1) The 'No compute node record for host phanpy: ComputeHostNotFound_Remote: Compute host phanpy could not be found.' message is benign, this message appears on first start of the `nova-compute` service. It keeps appearing in the log here due to failure to register available resources. See 3)
2) Technically, the compute hosts are partially registered with `nova`:
$ nova service-list
+----+----------------+---------------------+----------+---------+-------+----------------------------+-----------------+
| Id | Binary | Host | Zone | Status | State | Updated_at | Disabled Reason |
+----+----------------+---------------------+----------+---------+-------+----------------------------+-----------------+
| 1 | nova-conductor | juju-302a0a-2-lxd-2 | internal | enabled | up | 2018-06-29T10:28:00.000000 | - |
| 14 | nova-scheduler | juju-302a0a-2-lxd-2 | internal | enabled | up | 2018-06-29T10:28:01.000000 | - |
| 15 | nova-compute | phanpy | nova | enabled | up | 2018-06-29T10:28:01.000000 | - |
| 16 | nova-compute | aurorus | nova | enabled | up | 2018-06-29T10:28:05.000000 | - |
| 26 | nova-compute | zygarde | nova | enabled | up | 2018-06-29T10:28:05.000000 | - |
+----+----------------+---------------------+----------+---------+-------+----------------------------+-----------------+
3) However the compute hosts does not have any resources. The reason for no resources appearing in `nova` is that `nova-compute` service hits a TraceBack during initial host registration:
2018-06-29 06:25:57.161 35528 ERROR nova.compute.manager Traceback (most recent call last):
2018-06-29 06:25:57.161 35528 ERROR nova.compute.manager File "/usr/lib/python2.7/dist-packages/nova/compute/manager.py", line 7277, in update_available_resource_for_node
2018-06-29 06:25:57.161 35528 ERROR nova.compute.manager rt.update_available_resource(context, nodename)

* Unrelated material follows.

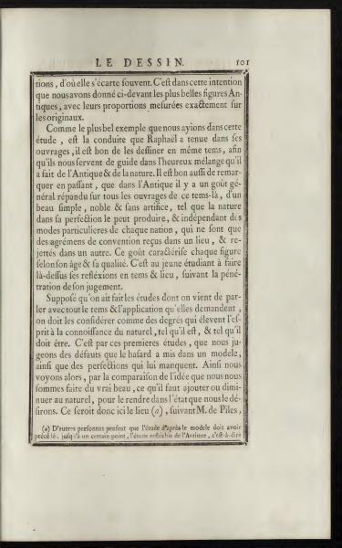 Assuming that one has completed the studies just discussed with all the time and application they require, they should be seen as steps that elevate the mind to the knowledge of nature, as it is and as it should be. It is through these initial studies that we assess the flaws that chance has put in a model, as well as the perfections it lacks. This way, we then see, by comparing the idea we have formed of true beauty, what needs to be added or reduced in nature to render it in the state we desire. Hence, this would be the place (a), according to M. de Piles,

2018-06-29 06:25:57.161 35528 ERROR nova.compute.manager File "/usr/lib/python2.7/dist-packages/nova/compute/resource_tracker.py", line 664, in update_available_resource
2018-06-29 06:25:57.161 35528 ERROR nova.compute.manager resources = self.driver.get_available_resource(nodename)
2018-06-29 06:25:57.161 35528 ERROR nova.compute.manager File "/usr/lib/python2.7/dist-packages/nova/virt/libvirt/driver.py", line 6438, in get_available_resource
2018-06-29 06:25:57.161 35528 ERROR nova.compute.manager self._get_pci_passthrough_devices()
2018-06-29 06:25:57.161 35528 ERROR nova.compute.manager File "/usr/lib/python2.7/dist-packages/nova/virt/libvirt/driver.py", line 5945, in _get_pci_passthrough_devices
2018-06-29 06:25:57.161 35528 ERROR nova.compute.manager pci_info.append(self._get_pcidev_info(name))
2018-06-29 06:25:57.161 35528 ERROR nova.compute.manager File "/usr/lib/python2.7/dist-packages/nova/virt/libvirt/driver.py", line 5906, in _get_pcidev_info
2018-06-29 06:25:57.161 35528 ERROR nova.compute.manager device.update(_get_device_capabilities(device, address))
2018-06-29 06:25:57.161 35528 ERROR nova.compute.manager File "/usr/lib/python2.7/dist-packages/nova/virt/libvirt/driver.py", line 5877, in _get_device_capabilities
2018-06-29 06:25:57.161 35528 ERROR nova.compute.manager pcinet_info = self._get_pcinet_info(address)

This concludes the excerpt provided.